Column: A Worthington from Christmas past
Editor's note: The following column was originally published in the Dec. 13, 2003, Daily Globe. WORTHINGTON -- He was known by one name. Perhaps this is evidence that he was exceptional. He was Mr. Curran, John Curran, Coach. Out of his presence,...
Editor’s note: The following column was originally published in the Dec. 13, 2003, Daily Globe.
WORTHINGTON - He was known by one name. Perhaps this is evidence that he was exceptional. He was Mr. Curran, John Curran, Coach. Out of his presence, everyone just said, “Curran.”
It is a fitting time to recall a man of uncommon energy and showmanship because, finally, this becomes a tale from a Christmas season.
Curran’s story can begin with the time a curious, leather-covered, table-high something appeared in the gymnasium at Worthington High School. What is that? They call it a horse. What’s it for? Gymnastics. They do gymnastics on it. Whoa! We never had anything like that at WHS before. Along with the horse came parallel bars, a horizontal bar and rings suspended from the gym ceiling on ropes. Flying rings. Worthington had a gymnastics coach and, very soon, a gym team. The gym team/teams were spectacular to watch and out of the Worthington ordinary.
That was the first thing not usual that came with Curran.
The coach also was in charge of phy ed classes. These were years immediately after World War II. WHS had no track for relays.
Curran laid out an oval on the fairgrounds along Clary Street. He arranged with the City of Worthington to have cinders from Municipal Power Plant dumped along the oval. Then - who knows where? - he located one enormous roller.
In the spring, gym classes began pulling the great roller round and round the oval, crushing the cinders and shaping a track. Maybe 50 kids pulled at a time and they called themselves coolies. Curran laughed. It wasn’t orthodox exercise, but it was strengthening young muscles.
Note this: they were calling them gym classes now, not phy ed classes. Curran was shaping everyone into gymnasts. In a spectacular way.
He began planning gym shows which involved every student in a phy class. The shows packed Memorial Auditorium into the aisles.
One year, my class did sword dances. Sword dances took a lot of practice, a lot of squats and leaps and synchronization. There was more. If we were going to do sword dances, we needed swords. Shop classes were enlisted to turn out swords on jig saws.
Rough, dull wood swords would never do. Curran enlisted art classes to paint the swords. Black handles, silver blades. Then - you don’t dance to silence. The music department was brought in to provide Music to Sword Dance By.
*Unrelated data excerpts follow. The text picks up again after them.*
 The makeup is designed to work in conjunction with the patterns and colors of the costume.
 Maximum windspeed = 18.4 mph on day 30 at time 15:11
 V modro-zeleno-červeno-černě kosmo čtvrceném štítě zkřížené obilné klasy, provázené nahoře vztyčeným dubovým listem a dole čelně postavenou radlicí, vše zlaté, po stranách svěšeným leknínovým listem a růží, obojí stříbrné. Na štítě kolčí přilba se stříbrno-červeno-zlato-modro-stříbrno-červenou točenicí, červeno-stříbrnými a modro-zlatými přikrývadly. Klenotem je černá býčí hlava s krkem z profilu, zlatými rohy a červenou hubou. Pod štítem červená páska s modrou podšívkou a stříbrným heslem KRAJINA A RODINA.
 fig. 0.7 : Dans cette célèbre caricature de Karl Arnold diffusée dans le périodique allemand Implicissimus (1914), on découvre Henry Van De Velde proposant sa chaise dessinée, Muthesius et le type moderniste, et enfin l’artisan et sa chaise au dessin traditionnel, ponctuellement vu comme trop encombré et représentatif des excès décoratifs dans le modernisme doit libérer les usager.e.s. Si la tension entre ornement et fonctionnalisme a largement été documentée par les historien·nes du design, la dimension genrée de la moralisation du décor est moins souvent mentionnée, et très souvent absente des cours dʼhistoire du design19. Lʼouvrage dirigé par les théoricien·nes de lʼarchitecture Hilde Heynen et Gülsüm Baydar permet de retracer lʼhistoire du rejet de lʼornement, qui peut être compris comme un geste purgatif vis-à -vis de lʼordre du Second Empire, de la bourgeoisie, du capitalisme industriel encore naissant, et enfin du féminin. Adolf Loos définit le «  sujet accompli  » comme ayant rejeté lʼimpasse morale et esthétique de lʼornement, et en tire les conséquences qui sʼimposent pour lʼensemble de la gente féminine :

This was just one class. Every class was doing something. Gym teams were performing. Shop classes, art classes, the music department became involved - plus home economics classes for flags and sashes, speech classes for providing commentary. I think Supt. E.A. Durbahn was drafted to introduce the show.
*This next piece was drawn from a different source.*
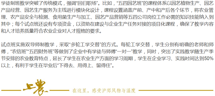 上海这家通过国家首批现代学徒制试点验收的涉农职院,有哪些人才培养特色?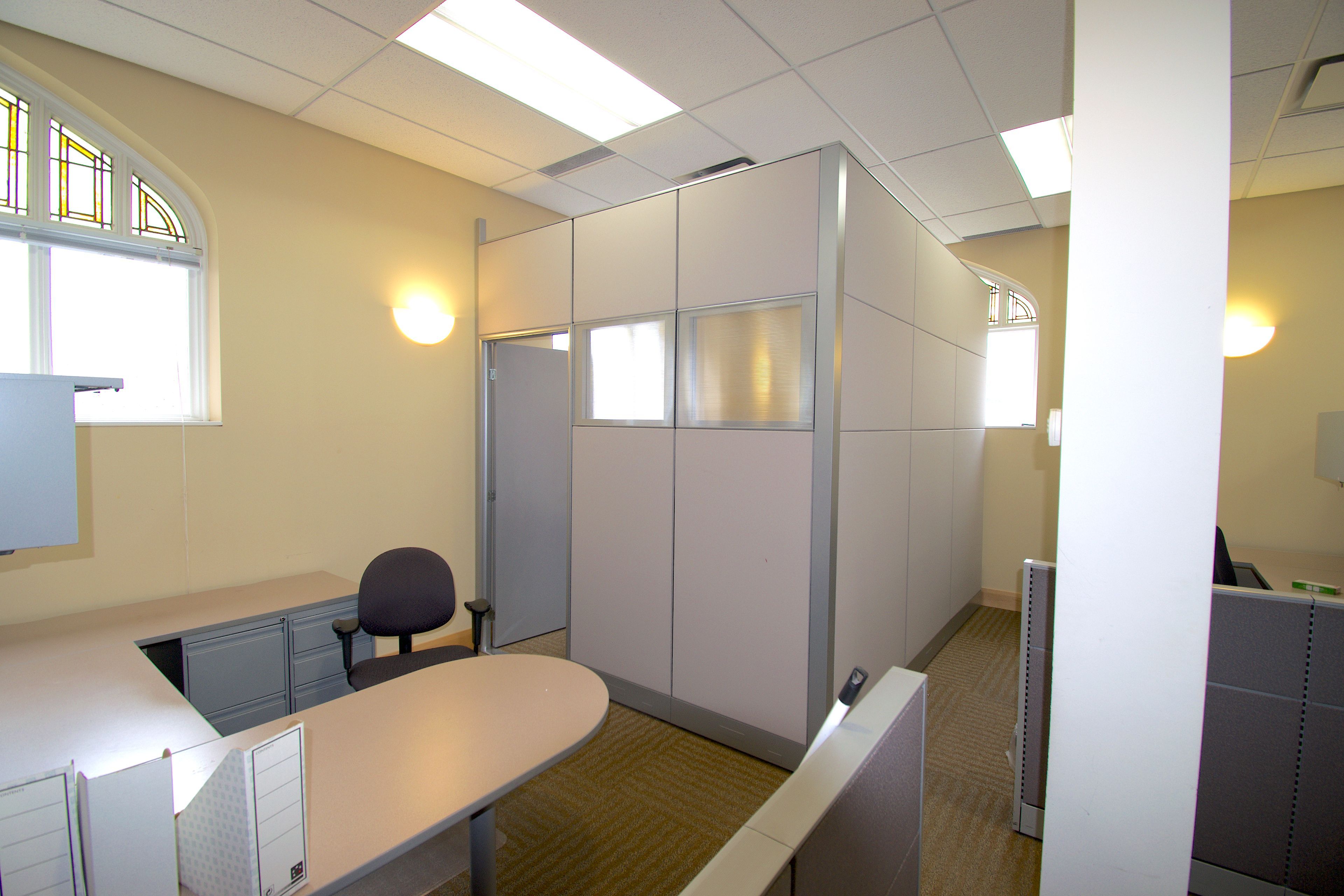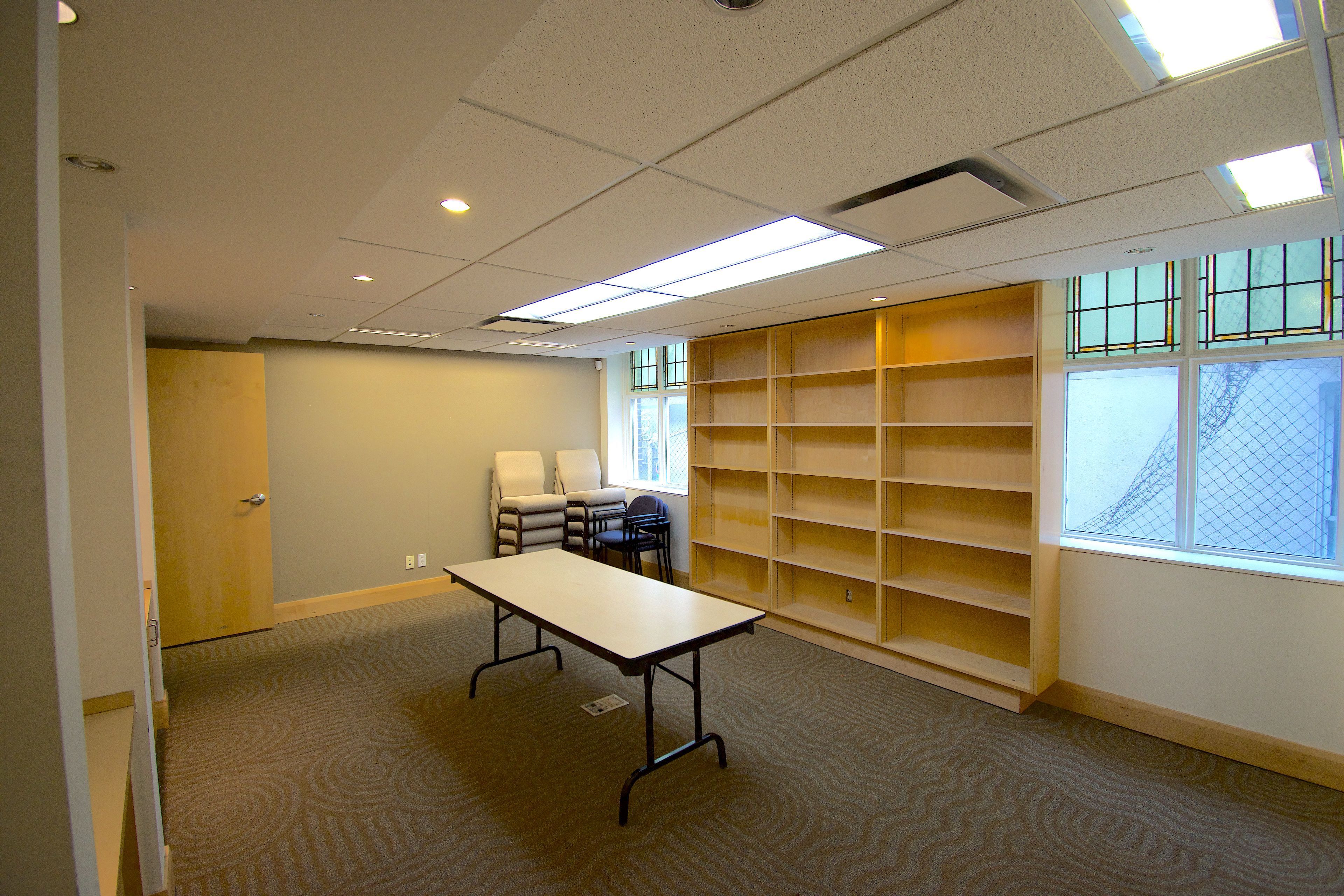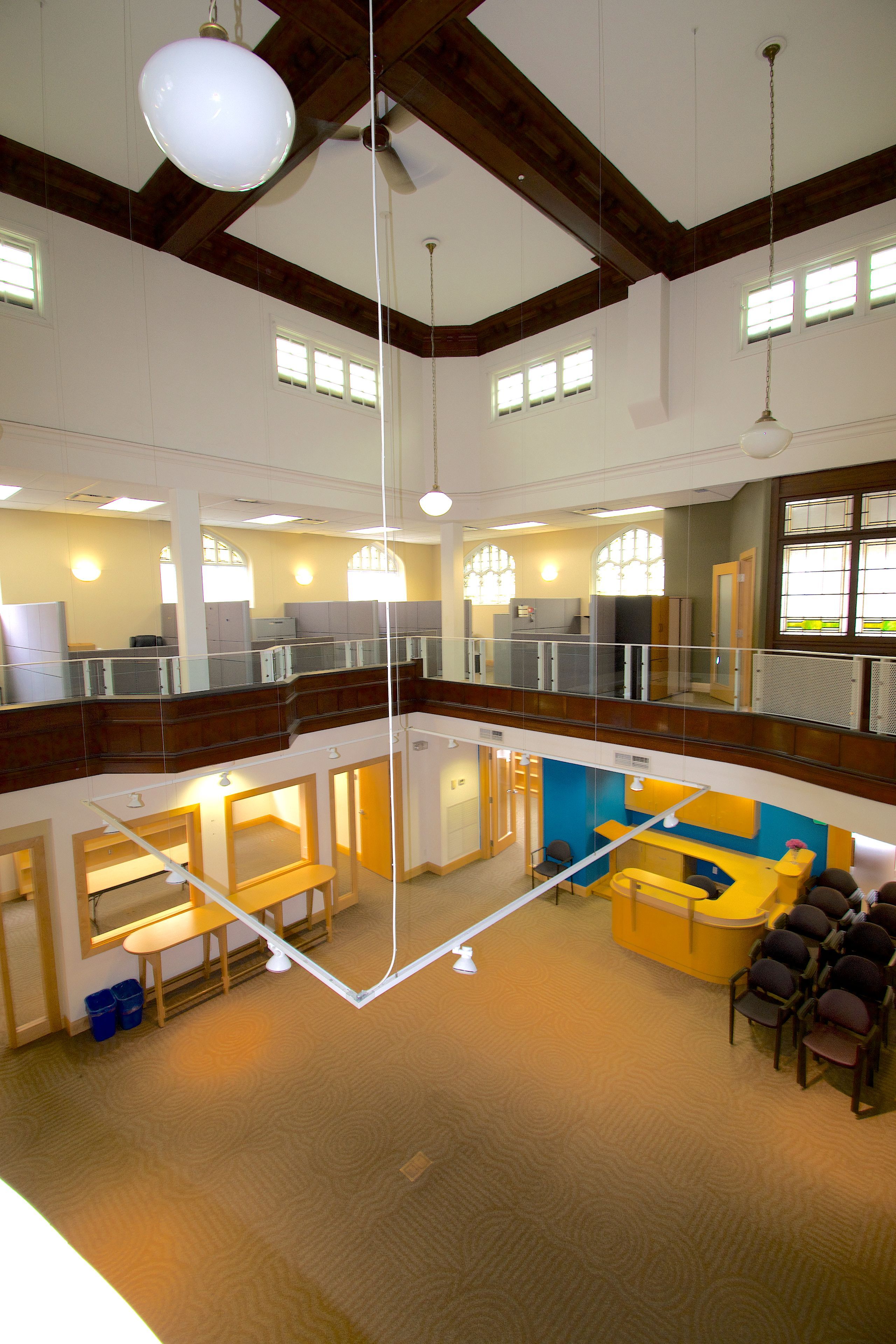 • Stunning stained glass windows adding vibrant natural light.

Curran’s gym shows involved all of WHS in a way never imagined, in a way never seen.
Then - probably the Christmas of 1947 - Curran announced through the Daily Globe that he wanted everyone’s old Christmas tree, perhaps by Dec. 27.
What was this? No one did anything with old Christmas trees other than put them in a burning barrel at the back of the lot.
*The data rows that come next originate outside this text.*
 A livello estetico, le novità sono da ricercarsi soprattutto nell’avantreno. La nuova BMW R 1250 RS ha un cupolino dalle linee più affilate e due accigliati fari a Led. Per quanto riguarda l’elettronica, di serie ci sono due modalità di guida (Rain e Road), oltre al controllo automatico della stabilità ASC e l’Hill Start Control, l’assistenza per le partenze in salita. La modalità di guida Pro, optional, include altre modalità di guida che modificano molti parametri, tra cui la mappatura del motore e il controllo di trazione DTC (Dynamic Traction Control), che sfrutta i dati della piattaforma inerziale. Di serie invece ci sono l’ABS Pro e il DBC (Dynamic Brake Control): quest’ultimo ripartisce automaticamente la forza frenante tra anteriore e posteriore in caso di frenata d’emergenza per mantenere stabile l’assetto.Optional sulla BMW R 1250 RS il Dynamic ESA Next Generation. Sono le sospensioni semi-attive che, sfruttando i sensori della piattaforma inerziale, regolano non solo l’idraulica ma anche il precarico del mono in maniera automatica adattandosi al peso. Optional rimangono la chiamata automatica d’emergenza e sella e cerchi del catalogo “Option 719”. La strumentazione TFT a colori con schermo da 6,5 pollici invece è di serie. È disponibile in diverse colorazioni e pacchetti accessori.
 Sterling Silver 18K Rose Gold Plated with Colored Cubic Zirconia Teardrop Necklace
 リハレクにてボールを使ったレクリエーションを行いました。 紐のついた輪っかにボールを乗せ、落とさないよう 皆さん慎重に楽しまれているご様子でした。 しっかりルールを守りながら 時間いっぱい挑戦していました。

The trees were collected. I do not know the logistics, but they were set up quickly to create a pine forest off the frozen beach of Chautauqua Park. Curran was doing a Worthington Christmas Ice Show.
There was special lighting. Don’t ask where that came from, or how it came to be set up. There were special costumes. Music.
Mrs. Curran skated with her husband. They were a handsome couple, not tall but lithe and practiced. Worthington could scarcely appreciate the axles and lutzes and combination spins. No one had seen anything like these before, either.
Of course it was not just Curran. Where had he rounded up all those kids and put them through their drills?
I remember Gaylord Garret. You would see Gaylord skating nearly any day after school, nearly any Sunday. You thought he was just a kid who liked to skate more than most kids.
Curran made Gaylord one of the ice show stars. Gaylord had not just been skating, he had been learning maneuvers on skates we could not believe.
Ice shows, gym teams and gym shows, a relay track. They came with Curran and largely left with him, oh - early 1950s.
A great long time ago, a funeral home somewhere sent the Daily Globe a one-paragraph notice. Curran had died. He is gone now, but he was something.